Llegábamos a la esquina del colegio y el nudo en la garganta era insoportable desde el último semáforo a la puerta principal. No sabía de qué manera decirlo ni siquiera si alguien lo iba a entender. Al otro lado del acceso me esperaba la desadaptación permanente, otro lenguaje, otras habilidades que yo no tenía y que nadie me enseñó en plena dictadura.

A mis padres poco y nada podía decirles. Al terminar las clases le pedía a mi mamá que me esperara a varias cuadras del edificio porque quería dejarla fuera de la burla. Ella poco iba a entender, se iba a avergonzar, yo me iba avergonzar. Desde el mundo heteronormado yo sabía que no habría intervención parental que me pudiese entregar la contención que yo necesitaba ni el oído ni el refuerzo ni la seguridad. Hace 25 años mis padres heterosexuales no podían hacerlo aunque hubiesen querido. Las herramientas no estaban disponibles ni para ellos ni para mí ni para nadie.

A la luz del avance legislativo de la nueva ley de adopciones que abre la alternativa de adopción homoparental se abre un enorme cuestionario ¿Están hoy esas herramientas disponibles para padres heterosexuales u homosexuales? ¿Están todas esas herramientas al servicio de niñas y niños, de adolescentes, sean heterosexuales u homosexuales? Aún más primario: ¿Cuáles son esas herramientas que permiten la construcción de un adulto sano y pleno? Existe amplia bibliografía al respecto y al revisar documentación comparaba aparece la contención, el apego seguro y la confianza como elementos esenciales durante la crianza.

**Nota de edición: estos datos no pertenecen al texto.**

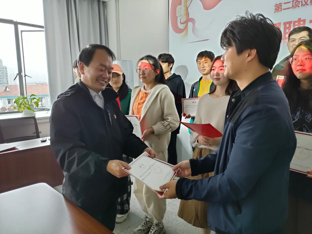 第二项议程,由朱红东书记代表williamhill英国党委和雷锋班为宣讲团成员发放聘书,聘请优秀的雷锋班同学、老师担当党的二十大精神宣讲的重任。聘书发放仪式结束后,全体参会人员进行了合影。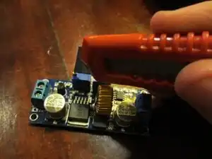 Look for the two blue boxes on the top of the board with two little screws on top. Look carefully under the boxes to see which is CV and which is CC. Rotate the CV screw counter-clockwise till you hear a click (a few dozen rotations). Once it clicks rotate it clockwise for 15 rotations. Do the same with the CC screw but only rotate it clockwise for 6 rotations.

La contención implica una renuncia, exige la decisión voluntaria de postergarse para darle espacio a otro que sufre, que es vulnerable, que necesita apoyo. Determinada por la paciencia y la generosidad, se trata de orientar a un ser humano en formación y que, en su confusión, está expuesto a incontables peligros. Eso no tiene que ver con su orientación sexual, ni la de sus padres, pero es una responsabilidad que los adultos debieran aceptar en conciencia de lo que implica.

Las historias personales y las discriminaciones arbitrarias e injustas de las cuales los homosexuales hemos sido objeto exige de nosotros un esfuerzo aún mayor a la hora de tomar la enorme responsabilidad de formar nuestra familia y de hacer una oferta de cuidado a un niño que lo necesita y que tiene el derecho inherente a tener un hogar. Muchos hemos desarrollado ese instinto de cuidado tras duros golpes físicos, sicológicos o incluso emocionales. Otros, con menos fortuna, han encontrado en la evasión un mecanismo de sobrevivencia ante tanto dolor. Esta exigencia evidentemente no es exclusiva para las familias homoparentales. Ante el debate abierto en el país debemos como homosexuales celebrar el avance, pero, al mismo tiempo, asumir la enorme responsabilidad que significa ser padres o madres si es que contamos con la ley y libremente lo decidimos. Pareciera que vale la pena entender que es un logro reparador, pero no solo cultural ni social como ha planteado el activismo o el mundo político, sino además una oportunidad de reparación y de reconciliación con nuestras propias historias de desamparo, de lucha y de sacrificio.

Se trata de entender que la paternidad o maternidad no tiene género y que sus roles jamás puedes quedar condicionados más a que a la decisión voluntaria de entrega el cuidado que un otro necesita aunque eso implique renuncias en nuestra propia historia.

Porque de quedarse solo en el logro político se corre el riesgo del abandono mutuo y la superficialidad. Por primera vez en la historia de Chile los homosexuales podemos no solo hablar de logros sino que además de responsabilidades, de deberes de entrega desinteresada, de postergación voluntaria y eso implica un lindo sacrificio al cual hasta ahora no hemos tenido acceso. Este paso nos acerca a la dimensión de ciudadanía, al plano de familia reconocida, pero también sana nuestro propio camino ya sin nudos en la garganta.